Seared Scallops with Chestnut Puree

Blood orange vinaigrette brightens this simple dish.

Preparation time

  • Yield Serves 4
  • Total time 30 Minutes


  • 1 cup packaged precooked chestnuts
  • 1/2 cup crushed packaged precooked chestnuts
  • 1 cup whole milk
  • 1/2 teaspoon kosher salt, divided
  • 1/2 teaspoon freshly ground black pepper, divided
  • 2 1/2 tablespoons fresh blood orange juice
  • 1 tablespoon red wine vinegar
  • 1 tablespoon olive oil
  • 16 diver sea scallops (about 1 1/2 pounds)
  • 1 tablespoon canola oil
  • 2 tablespoons butter
  • 1 1/2 teaspoons chopped fresh thyme


  1. Preheat oven to 375°.
  2. Place 1 cup chestnuts on a baking sheet, bake at 375° for 10 minutes or until golden brown. Place 1/2 cup crushed chestnuts on a baking sheet, bake at 375° for 5 minutes or until golden brown. Set aside.
  3. Combine toasted whole chestnuts and milk in a blender, process until smooth. Heat a small saucepan over medium heat. Add chestnut mixture, 1/4 teaspoon salt, and 1/4 teaspoon pepper to pan, cook 3 minutes or until thoroughly heated, stirring occasionally.

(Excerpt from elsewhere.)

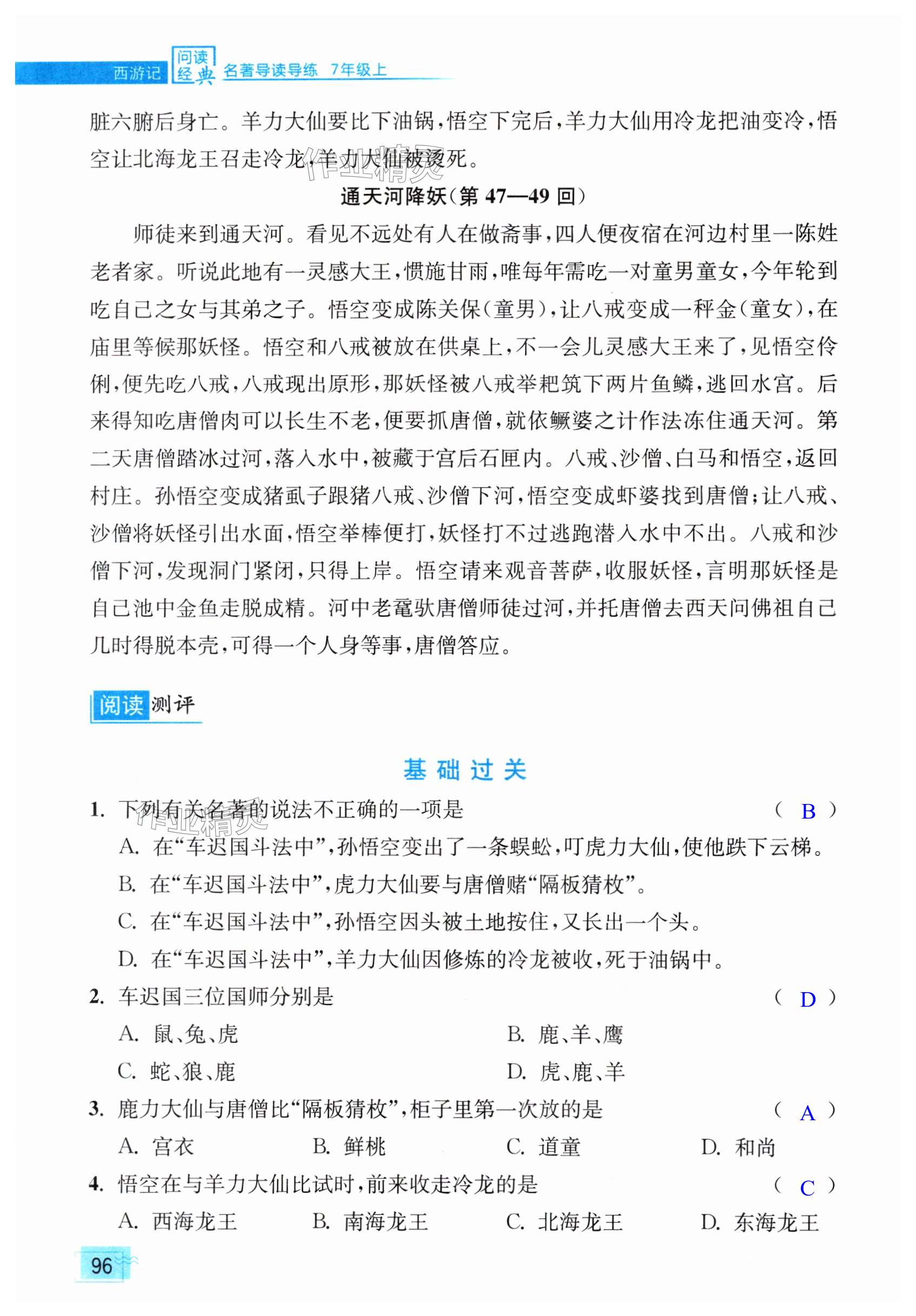 注:目前有些书本章节名称可能整理的还不是很完善,但都是按照顺序排列的,请同学们按照顺序仔细查找。练习册 2024年问读经典名著导读导练七年级上册人教版 答案主要是用来给同学们做完题方便对答案用的,请勿直接抄袭。

Keep warm.
  4. Combine juice, vinegar, and olive oil in a small bowl, stirring well with a whisk.
  5. Heat a large cast-iron skillet over medium-high heat. Sprinkle scallops with remaining 1/4 teaspoon salt and 1/4 teaspoon pepper. Add canola oil to pan, swirl to coat. Add scallops, working in batches if necessary to avoid crowding, cook 3 minutes or until browned on both sides and done, turning once. Pour off any oil. Reduce heat to medium. Add butter, cook 2 minutes or until browned. Stir in thyme.
  6. Place 5 tablespoons puree on each of 4 plates, top each serving with 4 scallops. Drizzle each with 1 1/2 teaspoons butter mixture and 1 tablespoon juice mixture. Top each with 2 tablespoons toasted crushed chestnuts.